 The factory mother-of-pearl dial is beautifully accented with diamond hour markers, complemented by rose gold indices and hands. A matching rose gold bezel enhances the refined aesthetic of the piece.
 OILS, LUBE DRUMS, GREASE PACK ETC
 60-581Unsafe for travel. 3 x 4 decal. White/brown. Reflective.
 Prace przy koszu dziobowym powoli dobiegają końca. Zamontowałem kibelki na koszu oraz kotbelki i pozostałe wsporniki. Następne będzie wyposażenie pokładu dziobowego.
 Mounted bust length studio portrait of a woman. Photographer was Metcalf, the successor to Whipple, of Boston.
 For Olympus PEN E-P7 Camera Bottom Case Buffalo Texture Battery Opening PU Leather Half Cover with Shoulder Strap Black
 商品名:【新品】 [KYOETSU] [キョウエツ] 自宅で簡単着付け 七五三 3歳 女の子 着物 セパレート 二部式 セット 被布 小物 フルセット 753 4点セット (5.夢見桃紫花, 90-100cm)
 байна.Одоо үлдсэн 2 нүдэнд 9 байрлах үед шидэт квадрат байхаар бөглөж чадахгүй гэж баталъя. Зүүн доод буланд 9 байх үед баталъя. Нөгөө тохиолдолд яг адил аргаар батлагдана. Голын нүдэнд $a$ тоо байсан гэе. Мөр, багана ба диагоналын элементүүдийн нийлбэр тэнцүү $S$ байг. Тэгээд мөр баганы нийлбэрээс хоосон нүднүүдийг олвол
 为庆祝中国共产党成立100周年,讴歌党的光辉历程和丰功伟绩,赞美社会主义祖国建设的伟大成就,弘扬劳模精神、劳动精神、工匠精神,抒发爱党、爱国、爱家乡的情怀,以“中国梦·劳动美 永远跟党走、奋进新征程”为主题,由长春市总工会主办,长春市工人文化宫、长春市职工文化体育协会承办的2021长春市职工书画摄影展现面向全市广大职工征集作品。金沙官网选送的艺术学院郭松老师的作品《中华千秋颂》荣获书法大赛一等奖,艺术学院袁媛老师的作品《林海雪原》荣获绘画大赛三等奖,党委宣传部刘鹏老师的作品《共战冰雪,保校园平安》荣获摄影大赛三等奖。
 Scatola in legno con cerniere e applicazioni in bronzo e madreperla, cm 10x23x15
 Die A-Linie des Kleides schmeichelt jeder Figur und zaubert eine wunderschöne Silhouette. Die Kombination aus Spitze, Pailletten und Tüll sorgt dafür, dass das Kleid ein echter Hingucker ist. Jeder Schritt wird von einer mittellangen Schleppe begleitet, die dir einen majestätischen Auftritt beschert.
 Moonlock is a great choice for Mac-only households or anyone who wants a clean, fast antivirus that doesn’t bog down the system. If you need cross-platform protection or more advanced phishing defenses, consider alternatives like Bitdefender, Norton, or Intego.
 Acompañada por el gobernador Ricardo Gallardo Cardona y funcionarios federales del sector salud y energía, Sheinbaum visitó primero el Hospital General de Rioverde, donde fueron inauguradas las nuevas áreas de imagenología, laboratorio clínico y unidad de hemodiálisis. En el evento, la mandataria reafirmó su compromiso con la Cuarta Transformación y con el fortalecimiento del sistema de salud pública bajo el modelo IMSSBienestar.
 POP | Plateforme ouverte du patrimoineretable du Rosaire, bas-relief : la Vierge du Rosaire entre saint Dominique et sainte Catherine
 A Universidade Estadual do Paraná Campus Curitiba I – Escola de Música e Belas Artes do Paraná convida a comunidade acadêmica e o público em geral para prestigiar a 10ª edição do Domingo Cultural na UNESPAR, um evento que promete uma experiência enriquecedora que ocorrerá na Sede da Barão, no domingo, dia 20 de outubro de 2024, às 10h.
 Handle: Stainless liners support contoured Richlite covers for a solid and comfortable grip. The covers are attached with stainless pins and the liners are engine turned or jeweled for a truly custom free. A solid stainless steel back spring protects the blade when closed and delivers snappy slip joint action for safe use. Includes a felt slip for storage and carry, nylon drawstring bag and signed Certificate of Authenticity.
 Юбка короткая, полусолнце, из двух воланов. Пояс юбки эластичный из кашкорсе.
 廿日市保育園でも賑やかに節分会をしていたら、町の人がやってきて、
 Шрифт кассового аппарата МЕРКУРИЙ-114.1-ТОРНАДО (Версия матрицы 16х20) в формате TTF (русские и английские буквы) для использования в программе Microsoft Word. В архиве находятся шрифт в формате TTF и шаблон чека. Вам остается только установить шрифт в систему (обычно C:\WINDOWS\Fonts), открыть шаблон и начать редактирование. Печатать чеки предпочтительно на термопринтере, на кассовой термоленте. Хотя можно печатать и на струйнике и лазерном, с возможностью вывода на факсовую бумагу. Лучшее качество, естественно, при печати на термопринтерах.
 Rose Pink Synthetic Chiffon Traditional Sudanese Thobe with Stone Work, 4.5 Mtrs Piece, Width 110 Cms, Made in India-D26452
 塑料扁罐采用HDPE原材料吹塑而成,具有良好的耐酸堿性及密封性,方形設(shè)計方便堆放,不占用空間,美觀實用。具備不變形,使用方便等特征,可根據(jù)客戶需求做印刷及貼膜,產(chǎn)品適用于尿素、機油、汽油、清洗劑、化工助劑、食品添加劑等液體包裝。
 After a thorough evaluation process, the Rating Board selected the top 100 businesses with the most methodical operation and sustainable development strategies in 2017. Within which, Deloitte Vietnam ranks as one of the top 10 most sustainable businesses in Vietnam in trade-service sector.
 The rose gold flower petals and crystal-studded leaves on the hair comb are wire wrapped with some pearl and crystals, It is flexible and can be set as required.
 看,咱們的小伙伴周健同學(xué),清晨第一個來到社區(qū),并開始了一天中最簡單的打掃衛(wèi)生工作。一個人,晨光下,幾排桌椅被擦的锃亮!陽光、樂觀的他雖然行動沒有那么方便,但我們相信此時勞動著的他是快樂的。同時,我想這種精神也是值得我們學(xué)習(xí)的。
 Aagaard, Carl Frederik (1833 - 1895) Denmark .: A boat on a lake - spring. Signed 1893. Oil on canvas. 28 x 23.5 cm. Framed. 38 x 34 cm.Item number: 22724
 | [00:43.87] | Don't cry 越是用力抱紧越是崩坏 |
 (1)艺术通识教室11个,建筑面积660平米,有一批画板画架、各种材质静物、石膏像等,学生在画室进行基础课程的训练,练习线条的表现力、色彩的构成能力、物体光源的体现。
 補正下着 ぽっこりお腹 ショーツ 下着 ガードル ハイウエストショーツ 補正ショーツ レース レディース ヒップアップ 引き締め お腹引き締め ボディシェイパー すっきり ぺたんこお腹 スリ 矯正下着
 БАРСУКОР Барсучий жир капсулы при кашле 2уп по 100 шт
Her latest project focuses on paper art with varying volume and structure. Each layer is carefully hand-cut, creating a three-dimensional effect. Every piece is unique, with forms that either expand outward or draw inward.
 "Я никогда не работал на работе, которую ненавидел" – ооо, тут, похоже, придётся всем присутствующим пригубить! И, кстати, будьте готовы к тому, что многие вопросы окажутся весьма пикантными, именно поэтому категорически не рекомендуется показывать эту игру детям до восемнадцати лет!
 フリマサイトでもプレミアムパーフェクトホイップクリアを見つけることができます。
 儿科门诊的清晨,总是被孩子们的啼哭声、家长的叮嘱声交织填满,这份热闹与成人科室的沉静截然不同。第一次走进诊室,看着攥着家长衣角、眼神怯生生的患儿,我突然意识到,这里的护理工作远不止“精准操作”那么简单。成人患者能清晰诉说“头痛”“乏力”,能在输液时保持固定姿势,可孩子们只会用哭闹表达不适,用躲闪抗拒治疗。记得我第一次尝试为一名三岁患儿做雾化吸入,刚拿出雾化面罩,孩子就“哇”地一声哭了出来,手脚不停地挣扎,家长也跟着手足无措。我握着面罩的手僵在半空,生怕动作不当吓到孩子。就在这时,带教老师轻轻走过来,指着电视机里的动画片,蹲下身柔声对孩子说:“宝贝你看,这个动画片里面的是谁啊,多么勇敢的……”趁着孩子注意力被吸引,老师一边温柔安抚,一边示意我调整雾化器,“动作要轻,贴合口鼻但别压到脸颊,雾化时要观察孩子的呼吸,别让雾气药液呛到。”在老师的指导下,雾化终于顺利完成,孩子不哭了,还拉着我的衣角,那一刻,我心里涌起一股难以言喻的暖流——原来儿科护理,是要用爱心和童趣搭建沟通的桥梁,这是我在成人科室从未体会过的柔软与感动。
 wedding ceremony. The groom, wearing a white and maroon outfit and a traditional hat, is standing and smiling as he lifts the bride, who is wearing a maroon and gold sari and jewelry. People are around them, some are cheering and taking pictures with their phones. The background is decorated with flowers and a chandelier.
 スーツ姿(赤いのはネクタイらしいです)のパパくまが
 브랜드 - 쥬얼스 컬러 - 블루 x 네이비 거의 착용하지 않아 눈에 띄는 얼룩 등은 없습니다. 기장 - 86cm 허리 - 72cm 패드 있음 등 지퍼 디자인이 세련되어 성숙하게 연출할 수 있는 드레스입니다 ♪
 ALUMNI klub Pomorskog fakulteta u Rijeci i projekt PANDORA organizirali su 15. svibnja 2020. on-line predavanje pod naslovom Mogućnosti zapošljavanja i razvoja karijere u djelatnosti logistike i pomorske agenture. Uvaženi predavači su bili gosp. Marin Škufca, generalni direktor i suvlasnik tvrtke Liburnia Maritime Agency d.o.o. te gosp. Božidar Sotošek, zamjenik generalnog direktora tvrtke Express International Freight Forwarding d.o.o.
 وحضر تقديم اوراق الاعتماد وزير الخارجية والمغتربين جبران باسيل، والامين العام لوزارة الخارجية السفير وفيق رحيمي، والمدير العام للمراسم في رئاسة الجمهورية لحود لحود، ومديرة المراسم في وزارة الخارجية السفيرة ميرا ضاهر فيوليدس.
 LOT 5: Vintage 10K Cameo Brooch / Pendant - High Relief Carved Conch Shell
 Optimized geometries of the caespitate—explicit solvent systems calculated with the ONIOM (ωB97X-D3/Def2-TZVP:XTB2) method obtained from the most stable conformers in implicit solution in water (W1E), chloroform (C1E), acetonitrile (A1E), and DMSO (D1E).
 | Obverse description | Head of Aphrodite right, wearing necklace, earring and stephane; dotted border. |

◆ ◆ ◆ ◆ ◆ ◆ ◆

PROBLEM DESCRIPTION:
Look above for the line holding "看,咱們的小伙伴周健同學(x" and the line holding "Her latest project". Retype both, and every line between them, word for word and nothing else.

OUTPUT FOR THIS TASK:
 看,咱們的小伙伴周健同學(xué),清晨第一個來到社區(qū),并開始了一天中最簡單的打掃衛(wèi)生工作。一個人,晨光下,幾排桌椅被擦的锃亮!陽光、樂觀的他雖然行動沒有那么方便,但我們相信此時勞動著的他是快樂的。同時,我想這種精神也是值得我們學(xué)習(xí)的。
 Aagaard, Carl Frederik (1833 - 1895) Denmark .: A boat on a lake - spring. Signed 1893. Oil on canvas. 28 x 23.5 cm. Framed. 38 x 34 cm.Item number: 22724
 | [00:43.87] | Don't cry 越是用力抱紧越是崩坏 |
 (1)艺术通识教室11个,建筑面积660平米,有一批画板画架、各种材质静物、石膏像等,学生在画室进行基础课程的训练,练习线条的表现力、色彩的构成能力、物体光源的体现。
 補正下着 ぽっこりお腹 ショーツ 下着 ガードル ハイウエストショーツ 補正ショーツ レース レディース ヒップアップ 引き締め お腹引き締め ボディシェイパー すっきり ぺたんこお腹 スリ 矯正下着
 БАРСУКОР Барсучий жир капсулы при кашле 2уп по 100 шт
Her latest project focuses on paper art with varying volume and structure. Each layer is carefully hand-cut, creating a three-dimensional effect. Every piece is unique, with forms that either expand outward or draw inward.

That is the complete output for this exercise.